Image_FileName_FITC, Image_PathName_FITC, Metadata_Plate, Titration_NaCl_uM "04923_d1.tif", "2009-07-08", "P-12345", 750 "51265_d1.tif", "2009-07-09", "P-12345", 2750

After the first row of header information (the column names), the first image-specific row specifies the file, "2009-07-08/04923_d1.tif" for the FITC image (2009-07-08 is the name of the subfolder that contains the image, relative to the Default Input Folder). The plate metadata is "P-12345" and the NaCl titration used in the well is 750 uM. The second image-specific row has the values "2009-07-09/51265_d1.tif", "P-12345" and 2750 uM. The NaCl titration for the image is available for modules that use numeric metadata, such as CalculateStatistics; "Titration" will be the category and "NaCl_uM" will be the measurement.

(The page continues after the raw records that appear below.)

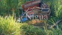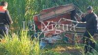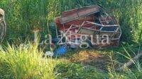 La camioneta de pasajeros quedó volcada a un costado de la cinta asfáltica desprendiéndose parte de la redila donde quedaron los cuerpos sin vida de tres personas.
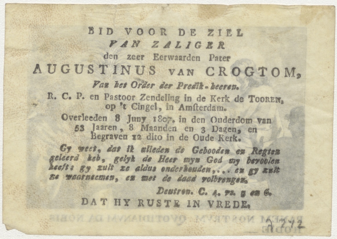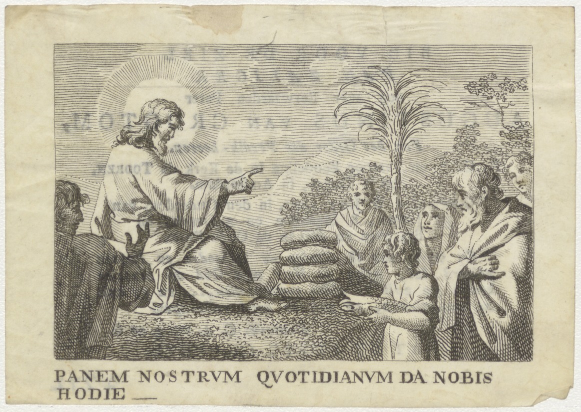 Wonder van Christus: wonderbaarlijke broodvermenigvuldiging, kz. Religieus; bid voor ziel Augustinus van Crogtom (+1807) pastoor predikheren Amsterdam
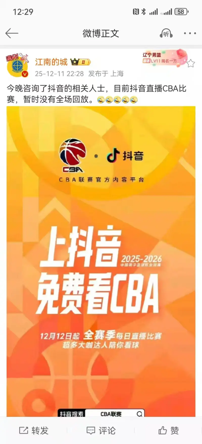 感觉抖音这些很多野球比赛,就是比较官方一点的都有那些回放,只是CBA不想弄而已,你可以在CBA账号上面可以看到那个俱乐部杯上一届的比赛啊,不过要付费就是回放
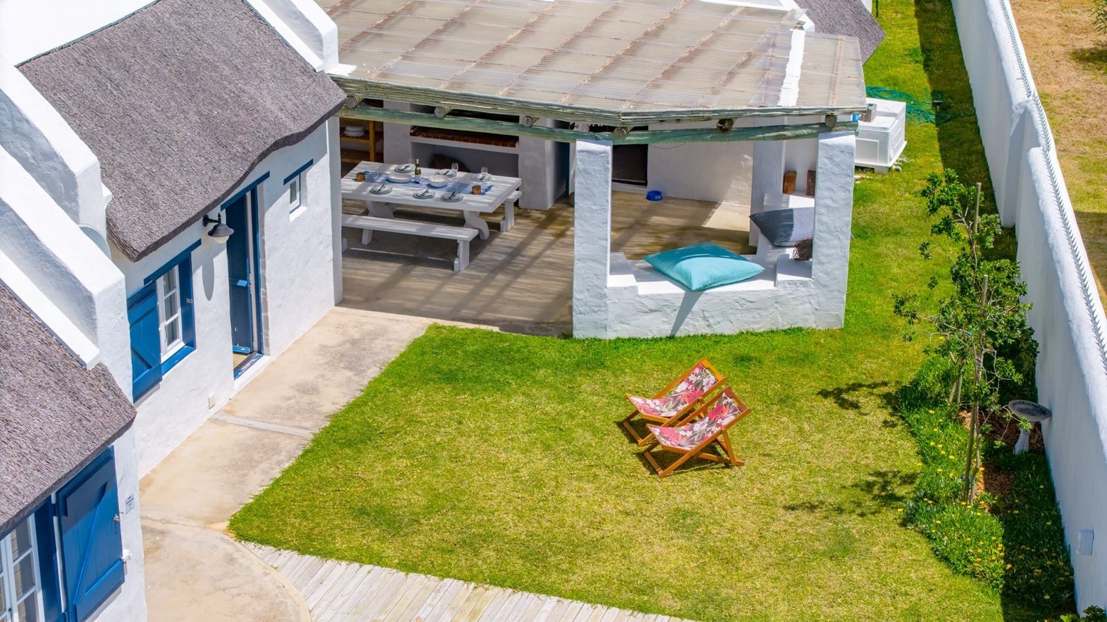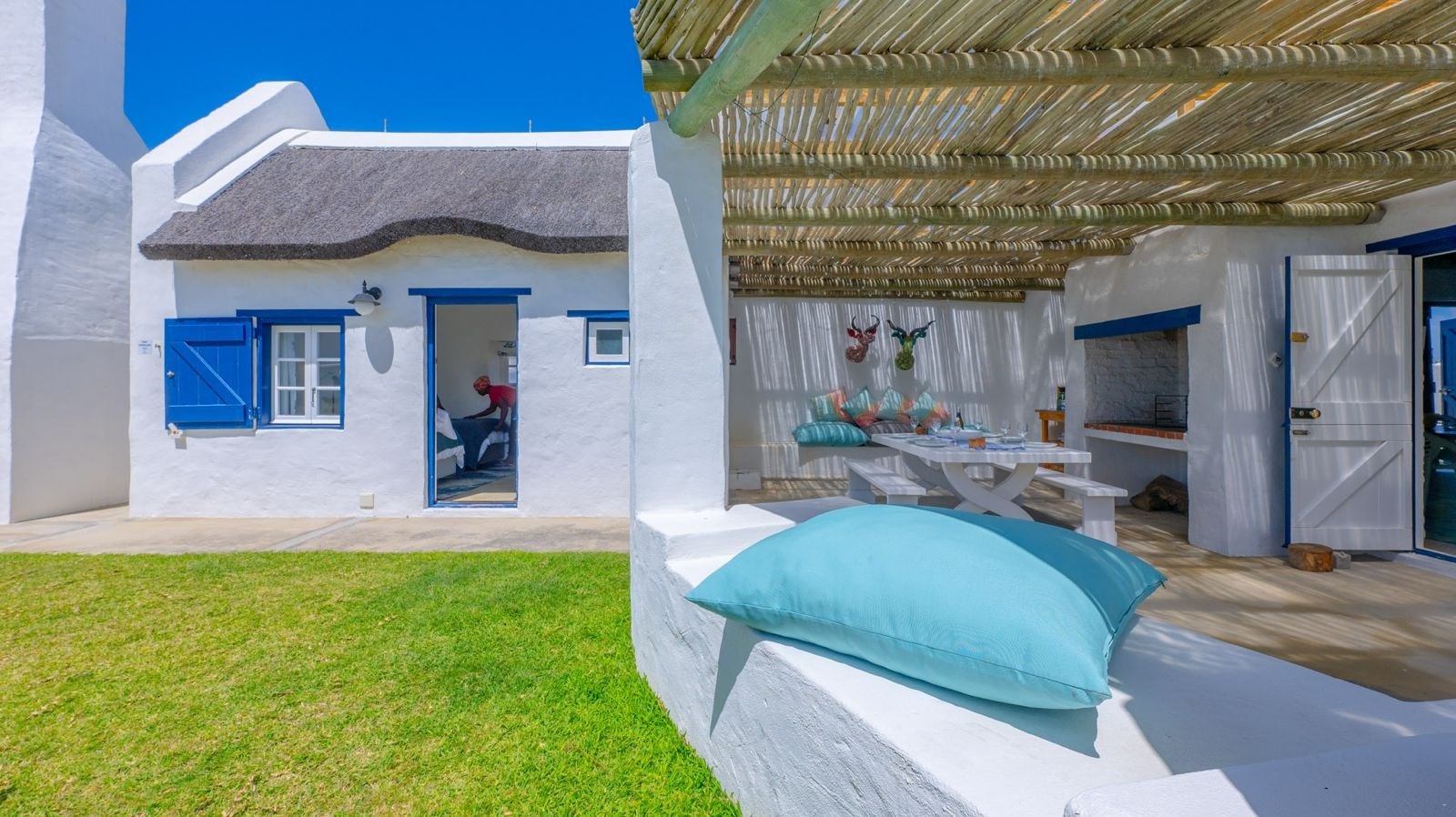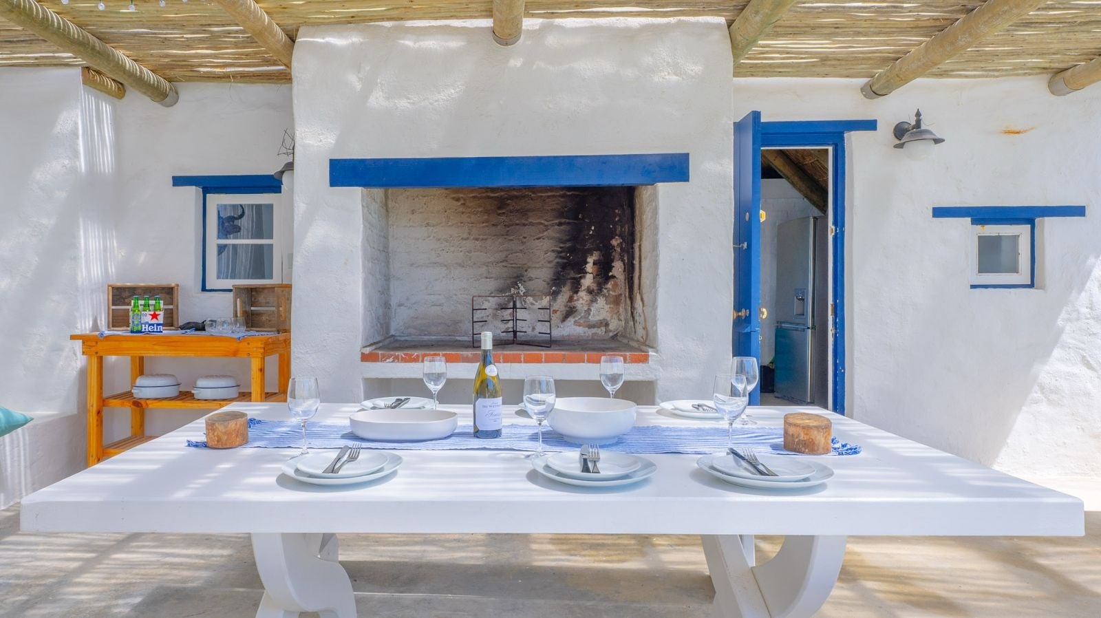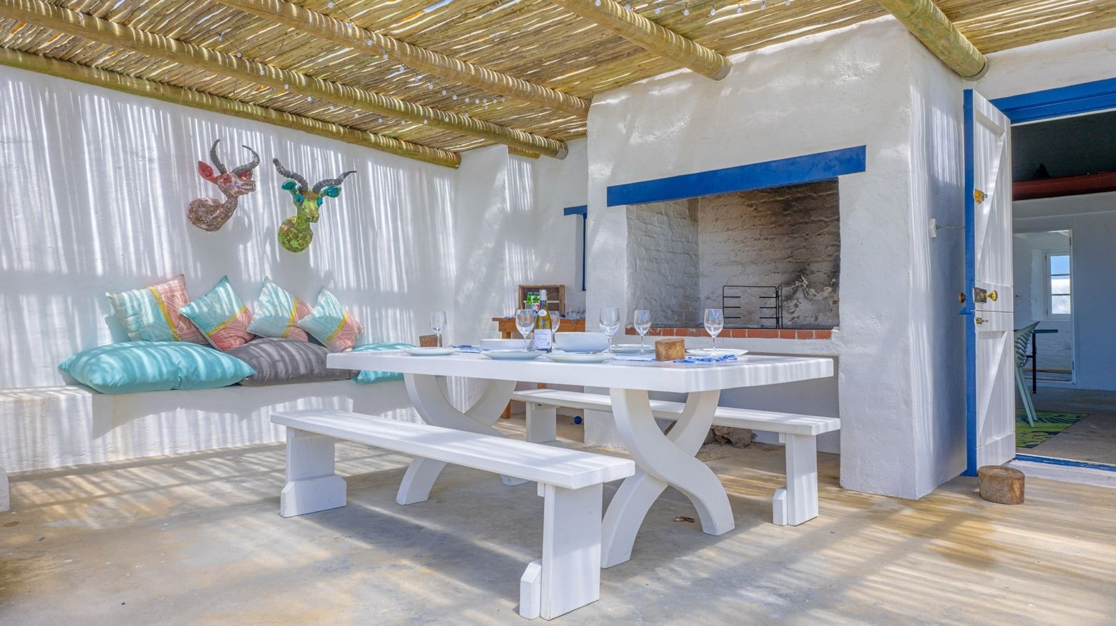 Outside is a covered patio with an outdoor dining table and a built-in braai which creates a great spot for guests to fully unwind and enjoy a sundowner while the fire is burning. This patio leads to an inviting swimming pool for guests to cool off.
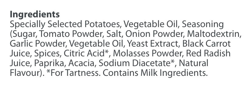 特選馬鈴薯、植物油、調味料(糖、番茄粉、鹽、洋蔥粉、麥芽糊精、大蒜粉、植物油、酵母提取物、黑胡蘿蔔汁、香料、檸檬酸*、糖蜜粉、紅蘿蔔汁、辣椒粉、阿拉伯膠、醋酸二鈉*、天然香料)。*用於增加酸味。含有牛奶成分。
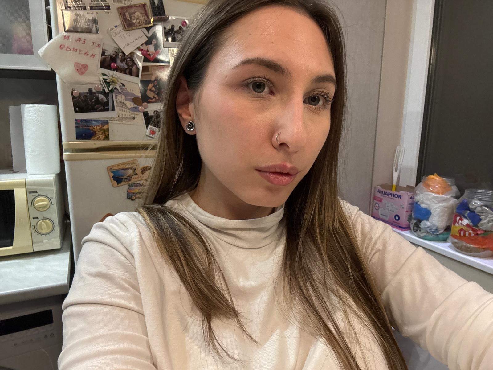 A woman is in a kitchen. The background includes a refrigerator covered with magnets and photographs, a microwave, and a window sill with containers. The woman has long brown hair, fair skin, and a no…read more
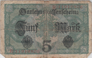 Grau-blauer Druck für den in einem Rahmen eingefassten grafischen Feld. Auf der Vorderseite sind links der Kaiseradler und rechte ein Frauenkopf in einem ovalen Rahmen gedruckt. Im linken Scheinbereich in einem hellen Rechteck der Wert in Worten, der Herausgeben und das Herausgabedatum gedruckt.Der Wert als Zahl ist sechs mal gedruckt. Auf der Rückseite grüner Druck in einem Rahmen eingefassten grafischen Feld mit Angaben, wie Darlehnskassenschein, Wert in Worten und als Zahl und in Rot die Scheinnummer.
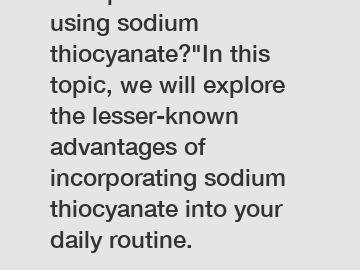Unexpected benefits of using sodium thiocyanate?"In this topic, we will explore the lesser-known advantages of incorporating sodium thiocyanate into your daily routine.
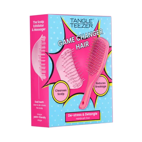 Kit de cuidado del cabello y el cuero cabelludo: incluye el mini cepillo desenredante Tangle Teezer y el innovador exfoliante y masajeador del cuero cabelludo, tu rutina todo en uno para hebras suaves y un cuero cabelludo equilibrado Suave desenredante: ideal para tipos de cabello liso a ondulado, este cepillo desenreda fácilmente el cabello húmedo o seco, por lo que es perfecto para el peinado diario sin tirones ni dolor Diseño innovador: el mini cepillo de pelo cuenta con dientes largos y flexibles que se deslizan a través de nudos sin tirones y dientes más cortos que suavizan la cutícula, reduciendo la rotura y dejando el cabello brillante y libre de encrespamiento Exfoliación y masaje del cuero cabelludo: el cepillo de doble diente para el cuero cabelludo refresca el cuero cabelludo eliminando la acumulación de productos y las impurezas mientras aumenta la circulación con un efecto de masaje relajante, ideal para usar con champú o tratamientos en la ducha Diseño apto para la ducha: el mango alado único del cepillo para cuero cabelludo se adapta a todos los tamaños de mano y no se desliza cuando está mojado, mientras que el cepillo de tamaño de viaje es fácil de sostener y usar en casa o en movimiento
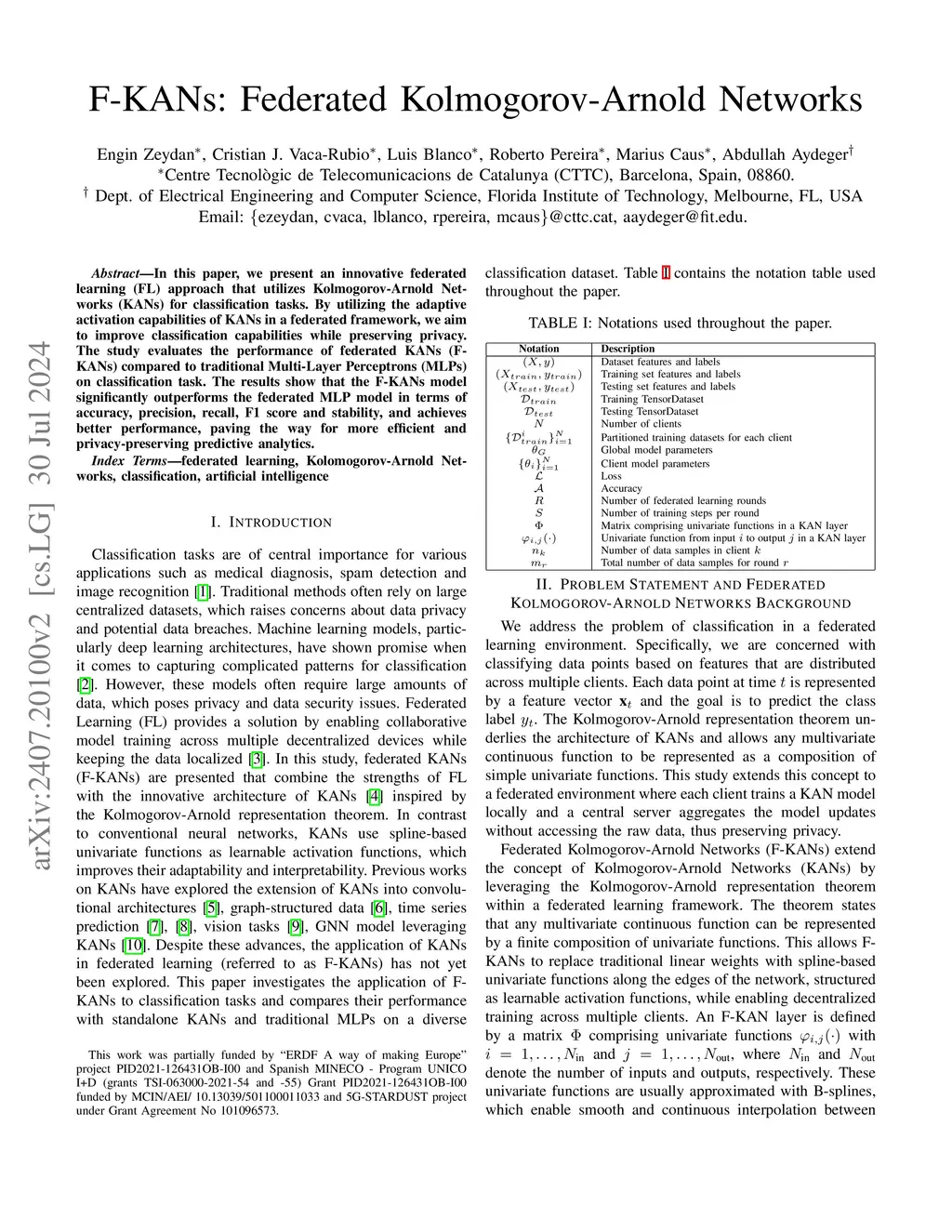 In this paper, we present an innovative federated learning (FL) approach that utilizes Kolmogorov-Arnold Networks (KANs) for classification tasks. By utilizing the adaptive activation capabilities of KANs in a federated framework, we aim to improve classification capabilities while preserving privacy. The study evaluates the performance of federated KANs (F- KANs) compared to traditional Multi-Layer Perceptrons (MLPs) on classification task. The results show that the F-KANs model significantly outperforms the federated MLP model in terms of accuracy, precision, recall, F1 score and stability, and achieves better performance, paving the way for more efficient and privacy-preserving predictive analytics.
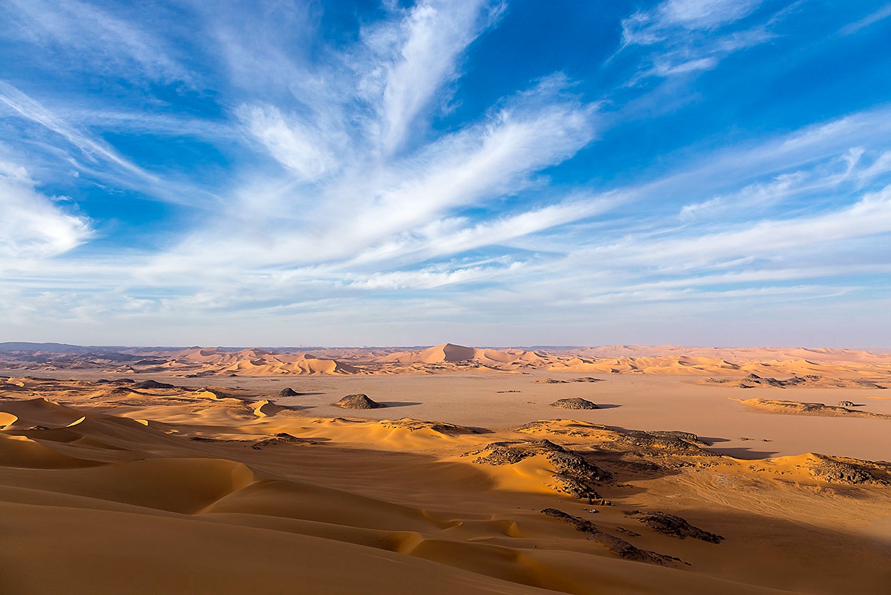 • Sand dunes and rocks of Moul Naga, Tadrart region, Tassili n' Ajjer National Park, Sahara, North Africa

Using metadata in LoadData

If you would like to use the metadata-specific settings, please see Help > General help > Using metadata in CellProfiler for more details on metadata usage and syntax. Briefly, LoadData can use metadata provided by the input CSV file for grouping similar images together for the analysis run and for metadata-specfic options in other modules; see the settings help for Group images by metadata and, if that setting is selected, Select metadata tags for grouping for details.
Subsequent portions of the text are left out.